* Activity: Would you restate the listing word for word, with the images omitted?

* Entries shown:
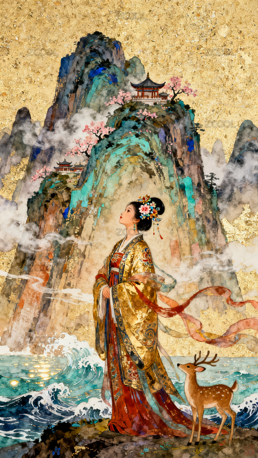 金色华服女子梦幻写意图
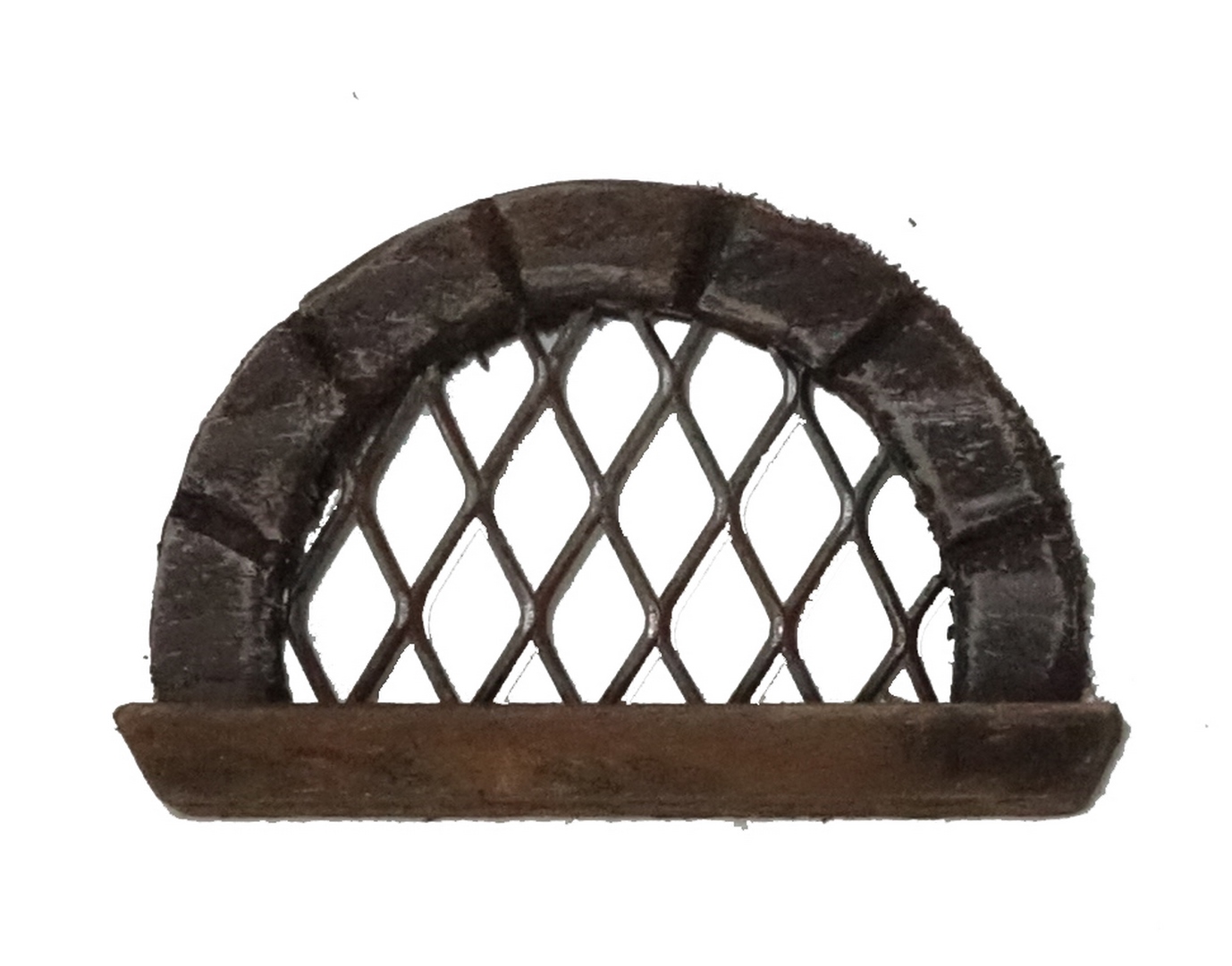 Ventana de madera pequeña redonda para complementos de construcción miniatura. 6,5cms x 4cms Precio por unidad.
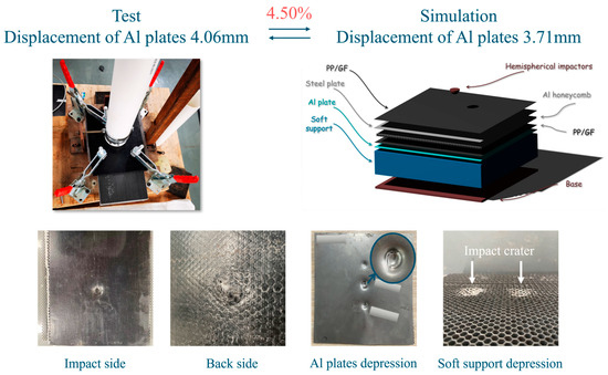 The damage mechanism of the sandwich composite panels under impact conditions is a complex process, involving a variety of phenomena such as matrix cracking, surface buckling, delamination, fiber shear, and fiber fracture. These different modes of injury often interact with and influence each other, resulting in a complex injury process. Figure 4 shows the observed impact performance under benchmark conditions for shock testing on the protection plate, demonstrating direct evidence of this complexity. In particular, the displacement of the aluminum plate reached 4.06 mm under the impact energy condition of 400 J, while the displacement of the aluminum plate obtained by simulation was 3.71 mm, which indicates that the relative deviation between the simulation results and the test data was only 4.50%. This high degree of consistency verifies the validity and accuracy of the finite element model, indicating that the finite element model has a high reference value in predicting the response behavior of materials under actual impact conditions.
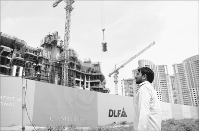 圖為印度新德里首都圈衛星城古爾崗市正在建設中的商住兩用大廈。記者 鄒松 攝
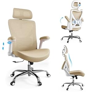 Ergalithic Office Home Ergonomic Desk Chair-Computer X-Shaped Chair Mesh PU Leather with Adjustable Lumbar Support-Executive Chair High Back with Headrest Flip-Up Arms for Long Hours
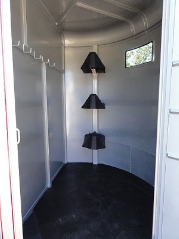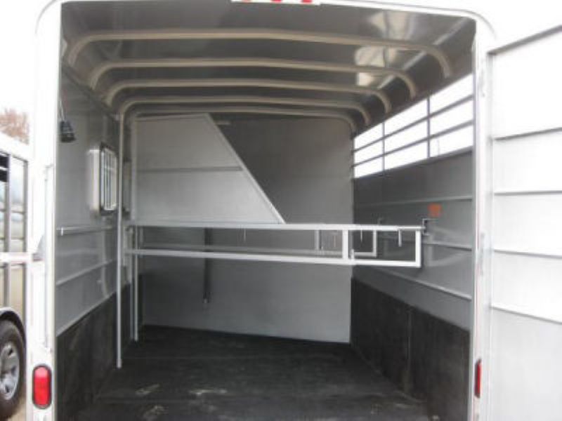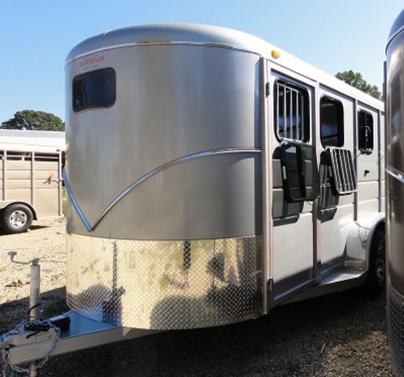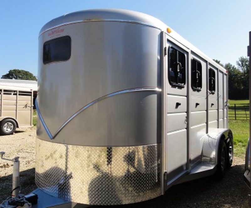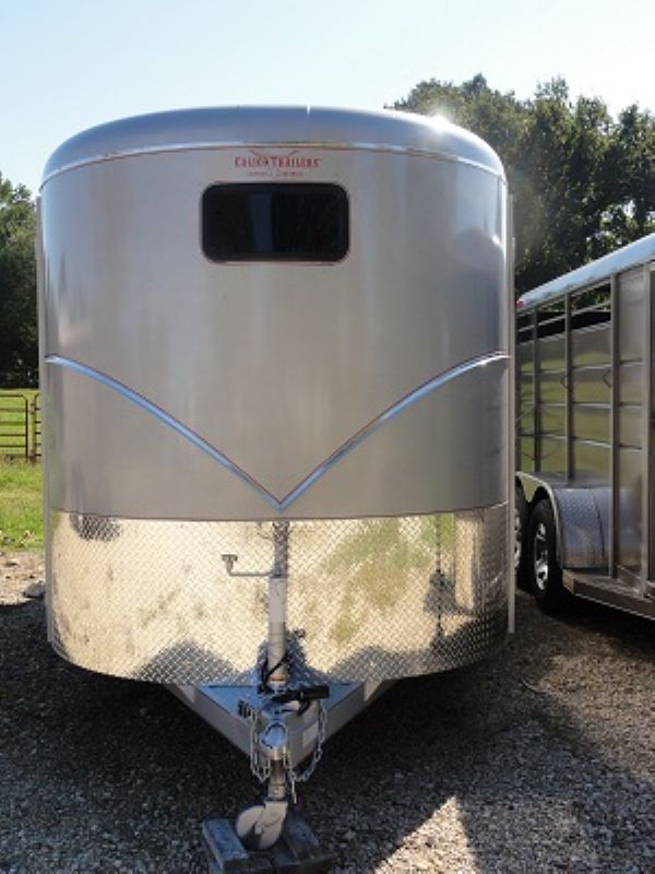 | New Calico 3 horse slant load trailer, extra tall and extra wide, 6'8" x 7' x 17', 3380 lbs. Solid wall dressing room, window in drs room door, 3 saddle racks, 16-in 10-ply tires, V-chrome, 2 dome lights, low profile roof, 3 drop-down windows, slam latch on dividers, rubber on both walls, floor mats, including dressing room, spare tire, torflex axles, brakes on both axles, 123" Stalls! Other colors available.
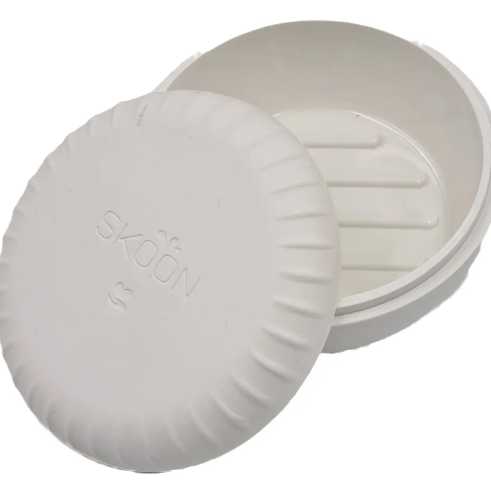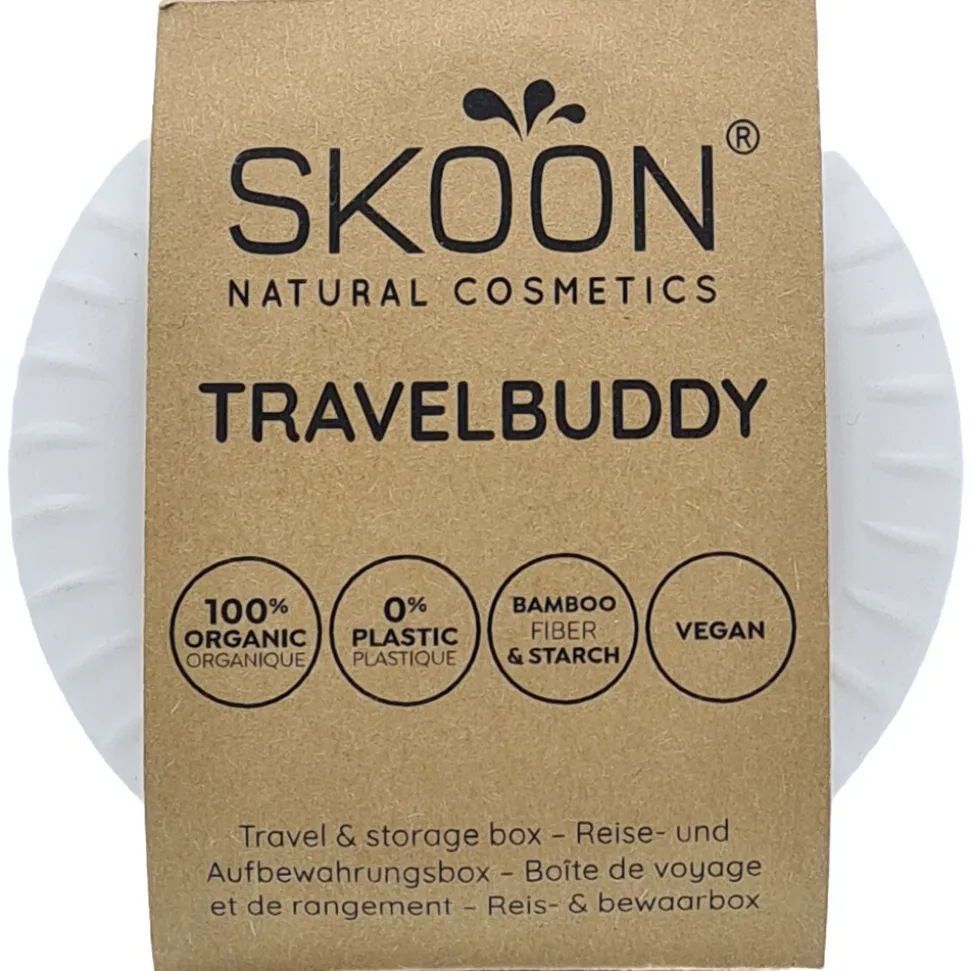 Voor het bewaren en meenemen in je toilettas van een SKOON bar, gemaakt van bamboe vezels en zetmeel. De travelbuddy is 100% plastic vrij en volledig biologisch afbreekbaar, dat is dan weer heel fijn voor onze planeet.
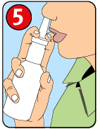 Suénese la nariz muy suavemente, sin aplastarla para evitar la presión en los tímpanos. Si es tolerable, suene suavemente una o dos veces cualquier solución residual restante en el pasaje nasal, porque esto puede despejar el área posterior naso-faringe, correspondiendo al pasaje nasal. A veces algo de solución puede llegar a la parte posterior de la garganta, si es el caso, escupa.
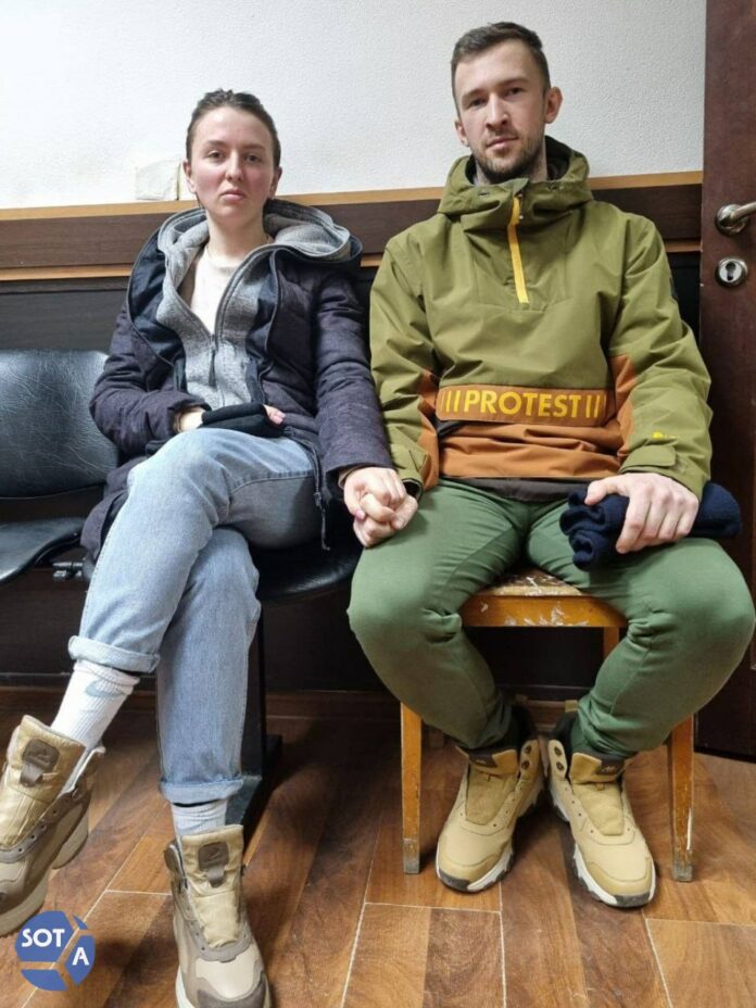 Как рассказали SOTAvision молодые люди, в отделении им показали фото и видео, на которых Сергей клеит листовку, а Алина стоит рядом. Задержанные отказывались отвечать на вопросы силовиков без адвоката, ссылаясь на ст. 51 Конституции. Защитника Алексея Аванесяна не пускали в ОВД и вводили в заблуждение, что Альбовы отказались от его помощи. Самим задержанным полицейские говорили, что адвокат в этом деле не нужен и разберутся без него.
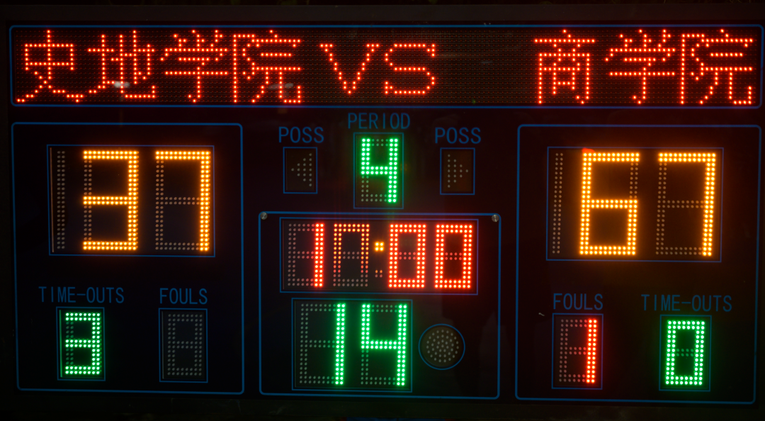 场上局势逐渐变得更加紧张,双方队员的目光也紧紧锁定着篮球,互相打着拉锯战,一边严防死守一边勇猛进攻。随着裁判的倒数“...三、二、一”,哨声吹响,比赛宣告结束,我院以67:37的成绩赢得了最后的胜利!
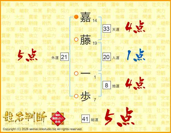 嘉(14画)藤(19画) 一(1画)歩(7画)
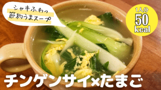 忙しい日やダイエット中にぴったりな「チンゲンサイと卵のふわとろスープ」のレシピです。チンゲンサイ1株と卵1個、水と鶏がらスープの素で作れる簡単中華風スープ。1人分約60円・約50kcalで、ビタミンやカルシウムもとれる優しい節約スープです。
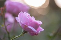 close up van een lichtroze herfstroos met een pastelkleurige bokeh achtergrond door het zonlicht
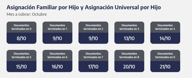 Cuándo se cobra la AUE en octubre (Captura: ANSES)
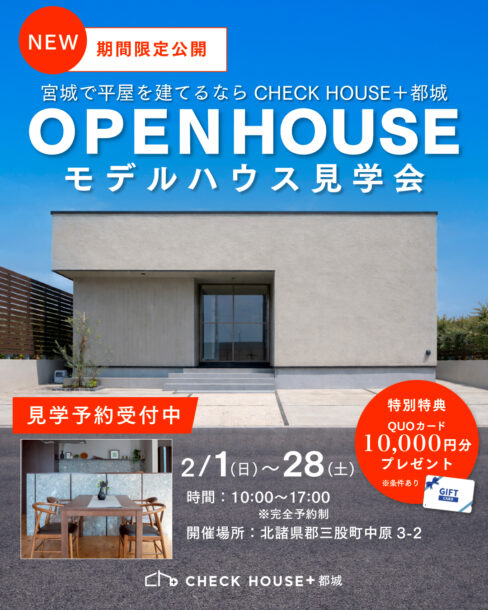 イベント情報 チェックハウスプラス 都城 お知らせ CATEGORY カテゴリー イベント情報 チェックハウスプラス 都城 お知らせ ブログ 2026. 01.29 宮﨑で平屋を建てるならチェックハウス都城|平屋モデルハウス見学会 2025. 11.13 “毎日が、リゾートになる。”デザイン住宅相談会 2025. 10.23 【11/15㊏16㊐22㊏23㊐24㊗】平屋見学会開催! 2025. 10.15 秋の建築応援キャンペーン開催 2025. 09.26 住まいのデザイン診断会開催! 2025. 08.12 GRAND OPEN キャンペーン開催! 2025. 08.01 【終了しました】都城スタジオ8月イベント 2025. 03.28 住宅に関する無料相談実施中

* Result:
 金色华服女子梦幻写意图
 Ventana de madera pequeña redonda para complementos de construcción miniatura. 6,5cms x 4cms Precio por unidad.
 The damage mechanism of the sandwich composite panels under impact conditions is a complex process, involving a variety of phenomena such as matrix cracking, surface buckling, delamination, fiber shear, and fiber fracture. These different modes of injury often interact with and influence each other, resulting in a complex injury process. Figure 4 shows the observed impact performance under benchmark conditions for shock testing on the protection plate, demonstrating direct evidence of this complexity. In particular, the displacement of the aluminum plate reached 4.06 mm under the impact energy condition of 400 J, while the displacement of the aluminum plate obtained by simulation was 3.71 mm, which indicates that the relative deviation between the simulation results and the test data was only 4.50%. This high degree of consistency verifies the validity and accuracy of the finite element model, indicating that the finite element model has a high reference value in predicting the response behavior of materials under actual impact conditions.
 圖為印度新德里首都圈衛星城古爾崗市正在建設中的商住兩用大廈。記者 鄒松 攝
 Ergalithic Office Home Ergonomic Desk Chair-Computer X-Shaped Chair Mesh PU Leather with Adjustable Lumbar Support-Executive Chair High Back with Headrest Flip-Up Arms for Long Hours
 | New Calico 3 horse slant load trailer, extra tall and extra wide, 6'8" x 7' x 17', 3380 lbs. Solid wall dressing room, window in drs room door, 3 saddle racks, 16-in 10-ply tires, V-chrome, 2 dome lights, low profile roof, 3 drop-down windows, slam latch on dividers, rubber on both walls, floor mats, including dressing room, spare tire, torflex axles, brakes on both axles, 123" Stalls! Other colors available.
 Voor het bewaren en meenemen in je toilettas van een SKOON bar, gemaakt van bamboe vezels en zetmeel. De travelbuddy is 100% plastic vrij en volledig biologisch afbreekbaar, dat is dan weer heel fijn voor onze planeet.
 Suénese la nariz muy suavemente, sin aplastarla para evitar la presión en los tímpanos. Si es tolerable, suene suavemente una o dos veces cualquier solución residual restante en el pasaje nasal, porque esto puede despejar el área posterior naso-faringe, correspondiendo al pasaje nasal. A veces algo de solución puede llegar a la parte posterior de la garganta, si es el caso, escupa.
 Как рассказали SOTAvision молодые люди, в отделении им показали фото и видео, на которых Сергей клеит листовку, а Алина стоит рядом. Задержанные отказывались отвечать на вопросы силовиков без адвоката, ссылаясь на ст. 51 Конституции. Защитника Алексея Аванесяна не пускали в ОВД и вводили в заблуждение, что Альбовы отказались от его помощи. Самим задержанным полицейские говорили, что адвокат в этом деле не нужен и разберутся без него.
 场上局势逐渐变得更加紧张,双方队员的目光也紧紧锁定着篮球,互相打着拉锯战,一边严防死守一边勇猛进攻。随着裁判的倒数“...三、二、一”,哨声吹响,比赛宣告结束,我院以67:37的成绩赢得了最后的胜利!
 嘉(14画)藤(19画) 一(1画)歩(7画)
 忙しい日やダイエット中にぴったりな「チンゲンサイと卵のふわとろスープ」のレシピです。チンゲンサイ1株と卵1個、水と鶏がらスープの素で作れる簡単中華風スープ。1人分約60円・約50kcalで、ビタミンやカルシウムもとれる優しい節約スープです。
 close up van een lichtroze herfstroos met een pastelkleurige bokeh achtergrond door het zonlicht
 Cuándo se cobra la AUE en octubre (Captura: ANSES)
 イベント情報 チェックハウスプラス 都城 お知らせ CATEGORY カテゴリー イベント情報 チェックハウスプラス 都城 お知らせ ブログ 2026. 01.29 宮﨑で平屋を建てるならチェックハウス都城|平屋モデルハウス見学会 2025. 11.13 “毎日が、リゾートになる。”デザイン住宅相談会 2025. 10.23 【11/15㊏16㊐22㊏23㊐24㊗】平屋見学会開催! 2025. 10.15 秋の建築応援キャンペーン開催 2025. 09.26 住まいのデザイン診断会開催! 2025. 08.12 GRAND OPEN キャンペーン開催! 2025. 08.01 【終了しました】都城スタジオ8月イベント 2025. 03.28 住宅に関する無料相談実施中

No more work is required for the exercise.